_Data entries_
------------------------------
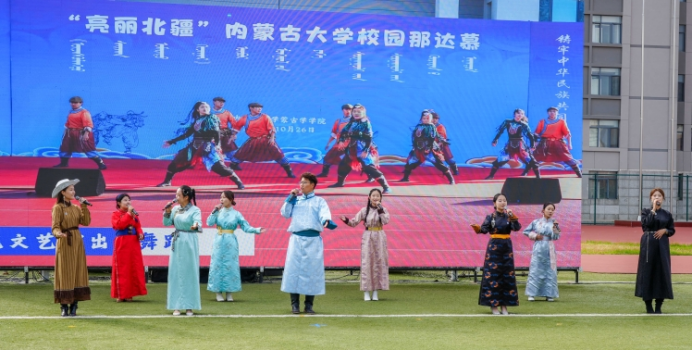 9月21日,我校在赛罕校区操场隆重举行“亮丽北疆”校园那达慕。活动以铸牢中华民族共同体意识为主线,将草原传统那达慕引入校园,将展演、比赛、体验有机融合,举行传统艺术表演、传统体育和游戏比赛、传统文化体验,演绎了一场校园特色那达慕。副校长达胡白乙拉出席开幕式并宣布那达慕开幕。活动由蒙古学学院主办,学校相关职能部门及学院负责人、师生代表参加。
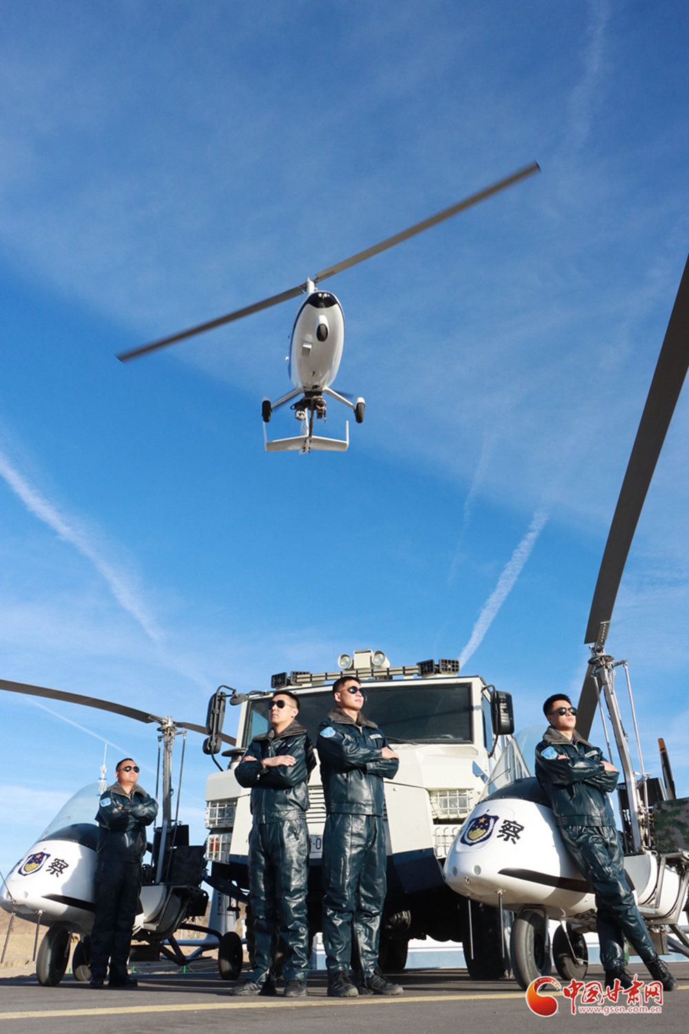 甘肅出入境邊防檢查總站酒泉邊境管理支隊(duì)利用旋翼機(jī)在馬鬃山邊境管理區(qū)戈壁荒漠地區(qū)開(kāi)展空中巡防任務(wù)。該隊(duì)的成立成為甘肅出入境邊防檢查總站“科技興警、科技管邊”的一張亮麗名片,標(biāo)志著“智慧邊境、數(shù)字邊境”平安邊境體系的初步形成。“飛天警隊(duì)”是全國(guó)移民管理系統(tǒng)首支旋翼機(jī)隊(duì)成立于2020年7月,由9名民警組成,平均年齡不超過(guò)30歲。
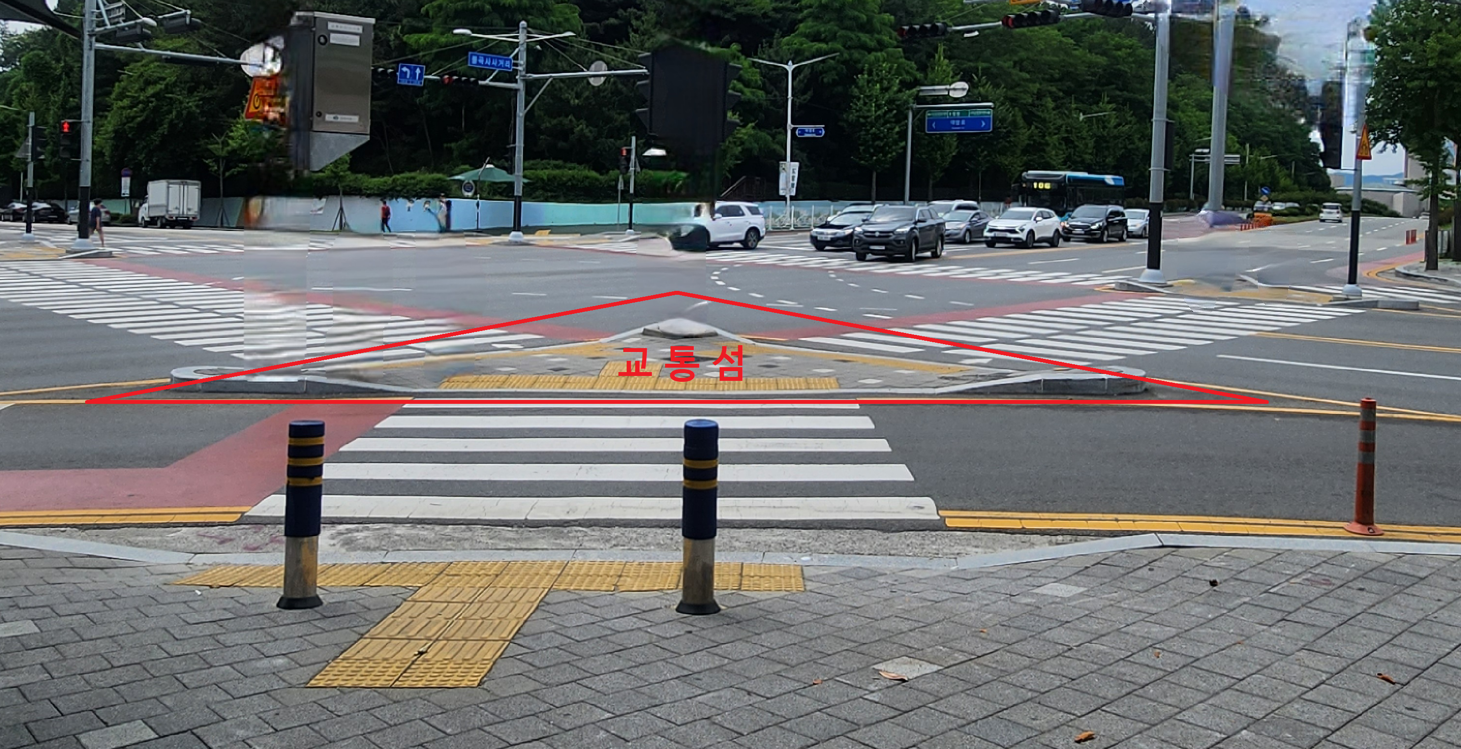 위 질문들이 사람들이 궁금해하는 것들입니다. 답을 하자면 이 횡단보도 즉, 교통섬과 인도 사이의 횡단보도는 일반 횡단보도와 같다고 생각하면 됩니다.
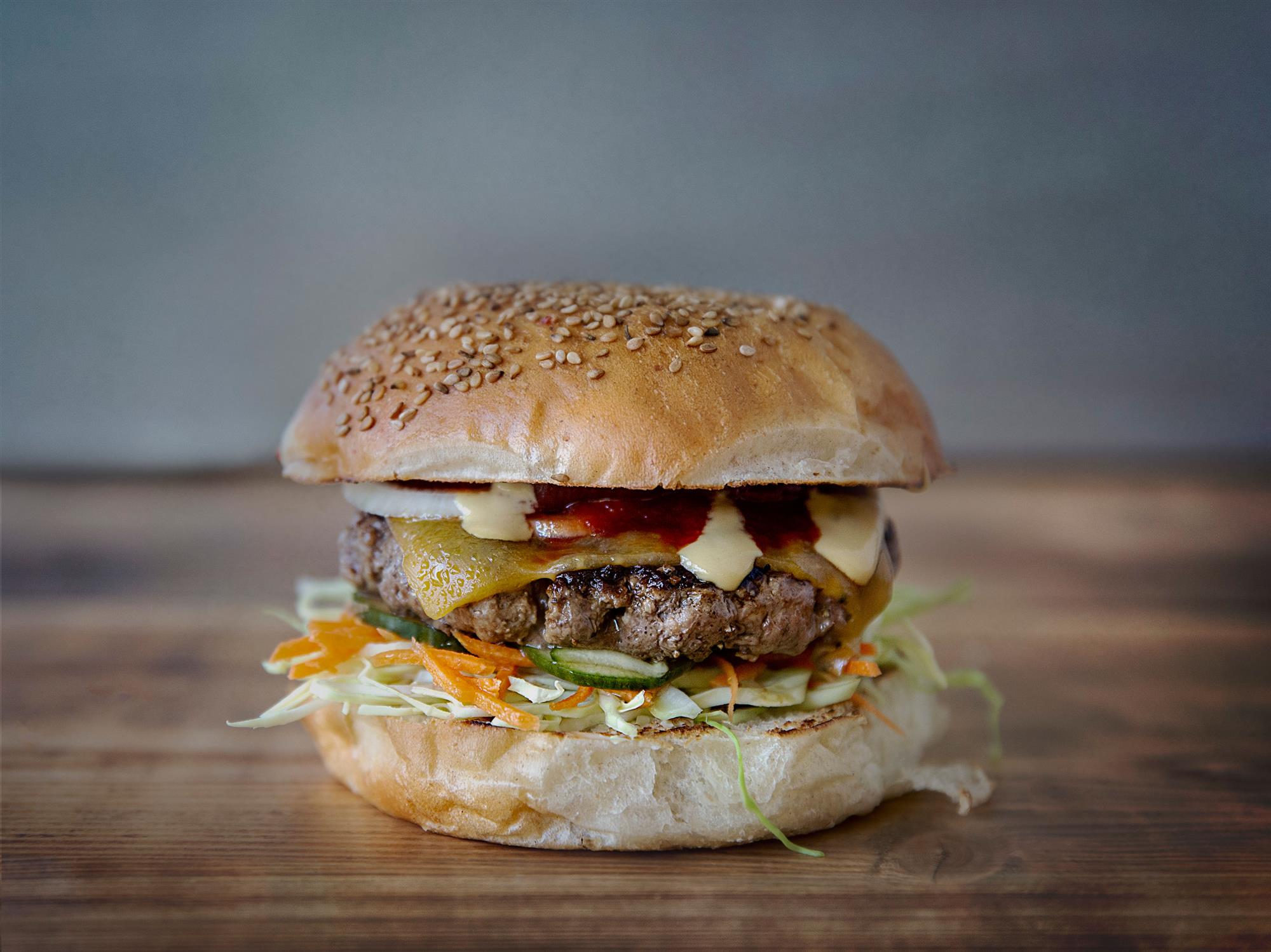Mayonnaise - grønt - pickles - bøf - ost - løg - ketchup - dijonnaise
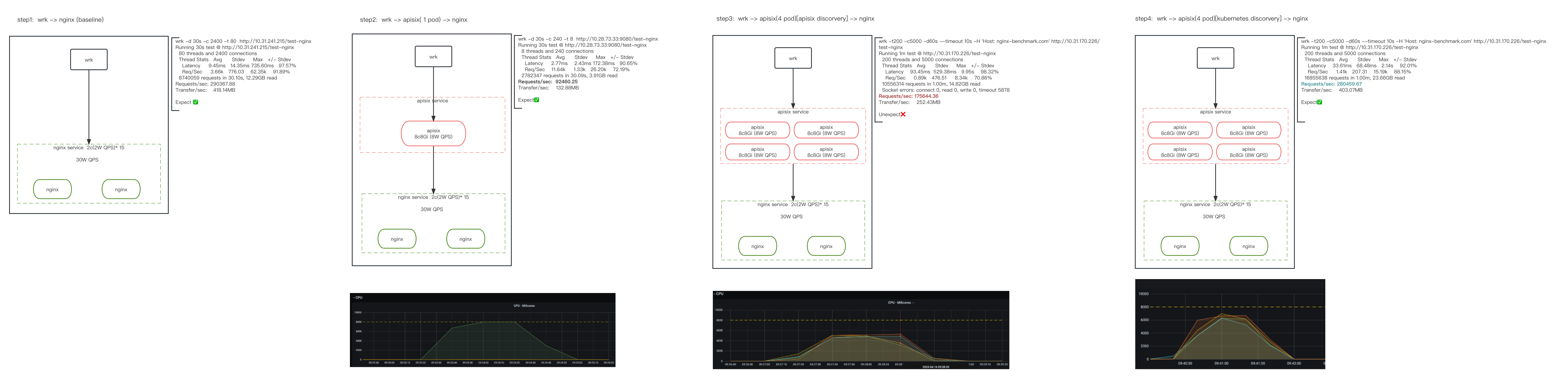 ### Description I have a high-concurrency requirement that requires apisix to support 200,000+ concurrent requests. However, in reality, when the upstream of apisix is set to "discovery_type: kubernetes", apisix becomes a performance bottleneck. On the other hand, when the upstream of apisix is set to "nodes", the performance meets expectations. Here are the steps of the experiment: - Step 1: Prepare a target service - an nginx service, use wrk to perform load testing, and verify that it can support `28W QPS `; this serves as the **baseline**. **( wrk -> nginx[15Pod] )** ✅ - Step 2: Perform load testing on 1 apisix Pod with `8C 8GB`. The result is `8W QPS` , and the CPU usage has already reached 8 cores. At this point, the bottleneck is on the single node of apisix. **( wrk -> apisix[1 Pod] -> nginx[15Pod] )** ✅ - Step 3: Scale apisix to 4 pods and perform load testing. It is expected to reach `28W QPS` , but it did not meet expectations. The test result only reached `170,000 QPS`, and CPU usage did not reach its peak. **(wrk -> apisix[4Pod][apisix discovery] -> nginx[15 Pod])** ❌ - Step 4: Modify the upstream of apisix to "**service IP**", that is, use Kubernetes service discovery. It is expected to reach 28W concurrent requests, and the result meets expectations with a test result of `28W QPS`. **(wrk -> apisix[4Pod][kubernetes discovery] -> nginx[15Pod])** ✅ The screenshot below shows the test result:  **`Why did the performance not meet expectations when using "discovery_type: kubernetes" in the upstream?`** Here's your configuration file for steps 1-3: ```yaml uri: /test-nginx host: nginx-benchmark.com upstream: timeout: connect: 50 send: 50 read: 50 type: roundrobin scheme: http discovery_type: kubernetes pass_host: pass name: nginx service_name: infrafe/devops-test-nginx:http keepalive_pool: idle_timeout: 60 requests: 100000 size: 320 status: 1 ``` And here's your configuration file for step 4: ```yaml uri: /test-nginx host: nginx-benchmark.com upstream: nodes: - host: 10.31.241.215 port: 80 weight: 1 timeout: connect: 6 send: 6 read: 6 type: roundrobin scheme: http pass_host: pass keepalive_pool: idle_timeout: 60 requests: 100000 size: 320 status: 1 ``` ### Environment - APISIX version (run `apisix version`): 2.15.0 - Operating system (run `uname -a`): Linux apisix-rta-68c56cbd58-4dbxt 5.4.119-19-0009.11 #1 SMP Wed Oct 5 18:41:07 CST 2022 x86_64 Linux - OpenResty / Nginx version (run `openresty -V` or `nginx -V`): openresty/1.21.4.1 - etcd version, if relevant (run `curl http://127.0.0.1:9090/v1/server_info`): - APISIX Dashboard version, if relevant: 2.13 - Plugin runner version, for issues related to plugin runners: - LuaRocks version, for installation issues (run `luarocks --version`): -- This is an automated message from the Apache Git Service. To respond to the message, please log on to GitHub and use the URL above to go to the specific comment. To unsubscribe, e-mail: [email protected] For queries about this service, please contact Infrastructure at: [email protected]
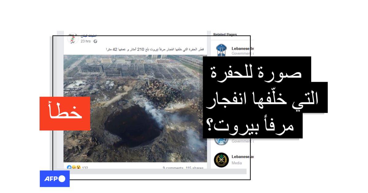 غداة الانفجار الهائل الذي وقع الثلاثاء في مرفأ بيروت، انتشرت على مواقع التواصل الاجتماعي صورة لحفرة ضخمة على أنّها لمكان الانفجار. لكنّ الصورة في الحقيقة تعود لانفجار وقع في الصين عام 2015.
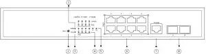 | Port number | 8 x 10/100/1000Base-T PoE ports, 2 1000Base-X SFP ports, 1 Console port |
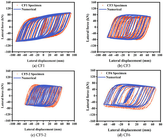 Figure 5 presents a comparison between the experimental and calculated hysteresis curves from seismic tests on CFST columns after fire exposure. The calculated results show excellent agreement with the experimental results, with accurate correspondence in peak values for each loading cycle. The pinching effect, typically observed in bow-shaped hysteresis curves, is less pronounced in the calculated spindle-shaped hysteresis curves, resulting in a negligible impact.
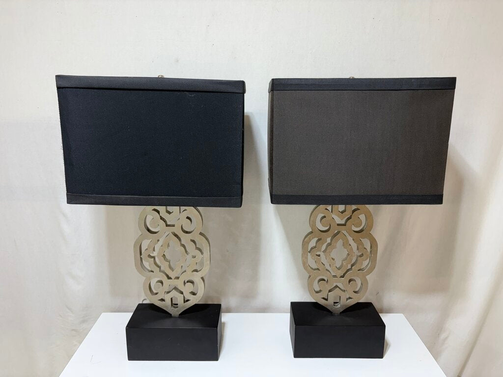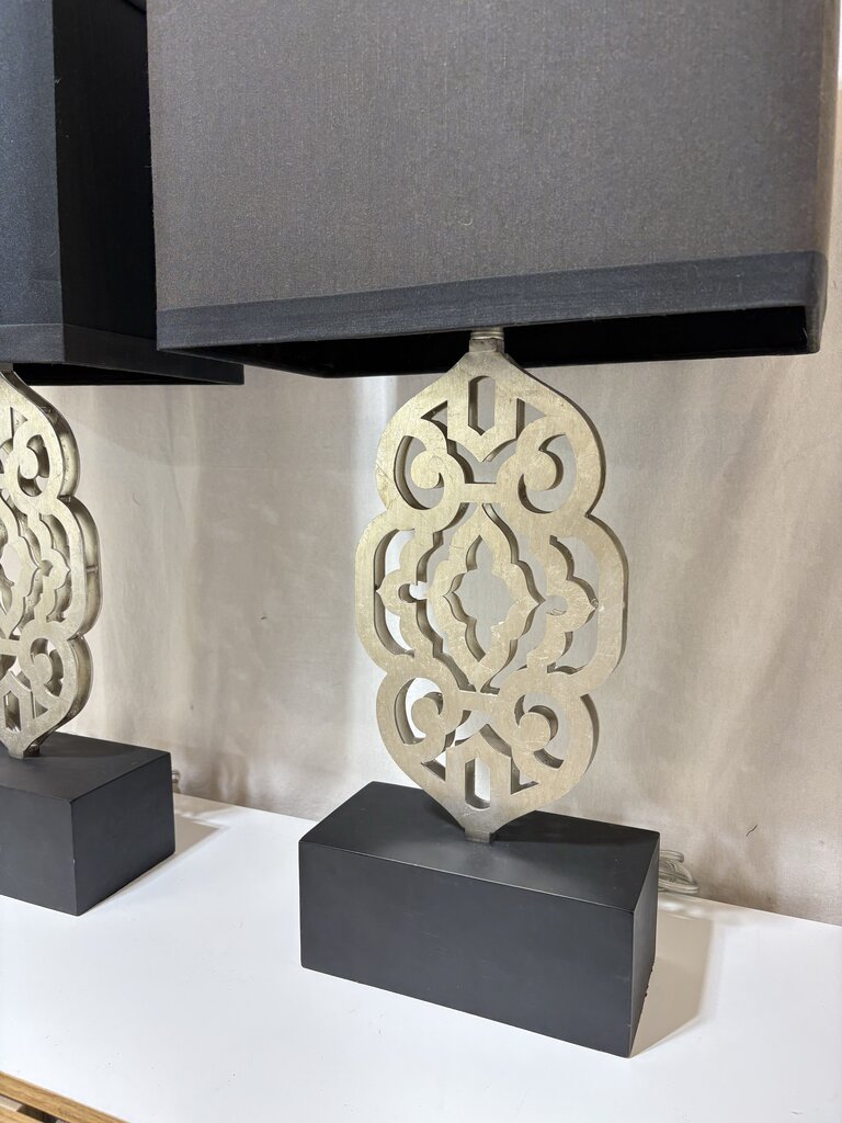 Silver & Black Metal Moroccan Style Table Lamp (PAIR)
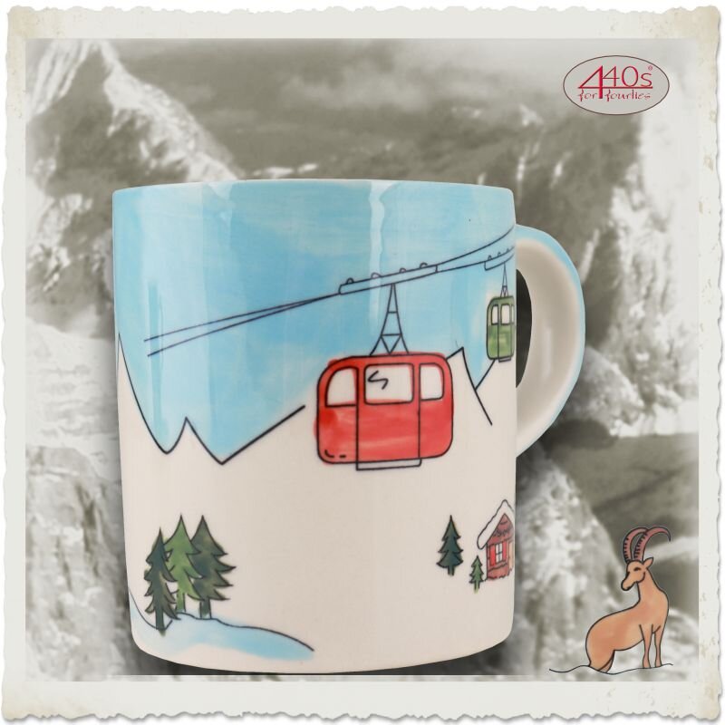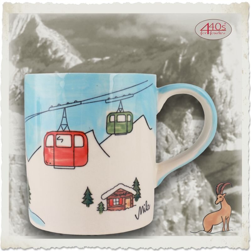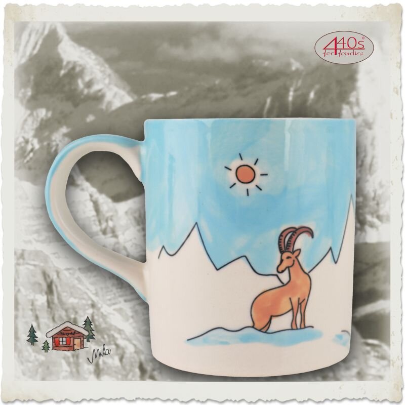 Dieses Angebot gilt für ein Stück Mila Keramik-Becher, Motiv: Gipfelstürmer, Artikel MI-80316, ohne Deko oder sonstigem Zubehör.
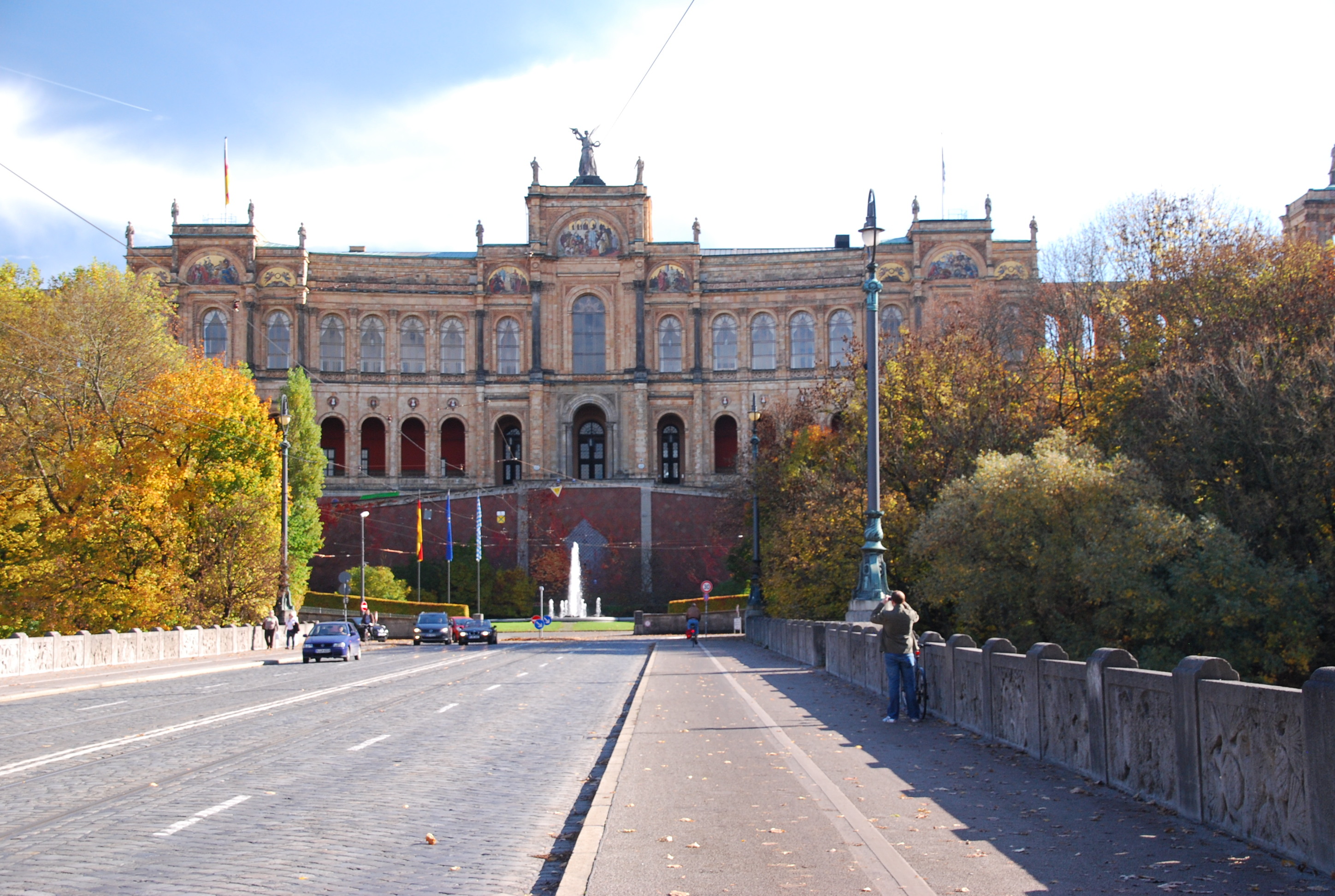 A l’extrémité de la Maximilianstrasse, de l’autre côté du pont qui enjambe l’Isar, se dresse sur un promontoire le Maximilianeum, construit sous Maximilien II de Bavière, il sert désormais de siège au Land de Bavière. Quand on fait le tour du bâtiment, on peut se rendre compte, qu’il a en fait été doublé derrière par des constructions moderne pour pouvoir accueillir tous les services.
------------------------------
_What to work on_
Above are the records. Copy only the lines from the one with "غداة الانفجار الهائل" through the one with "Console port |", exactly, with no pictures.

_Result below_
 غداة الانفجار الهائل الذي وقع الثلاثاء في مرفأ بيروت، انتشرت على مواقع التواصل الاجتماعي صورة لحفرة ضخمة على أنّها لمكان الانفجار. لكنّ الصورة في الحقيقة تعود لانفجار وقع في الصين عام 2015.
 | Port number | 8 x 10/100/1000Base-T PoE ports, 2 1000Base-X SFP ports, 1 Console port |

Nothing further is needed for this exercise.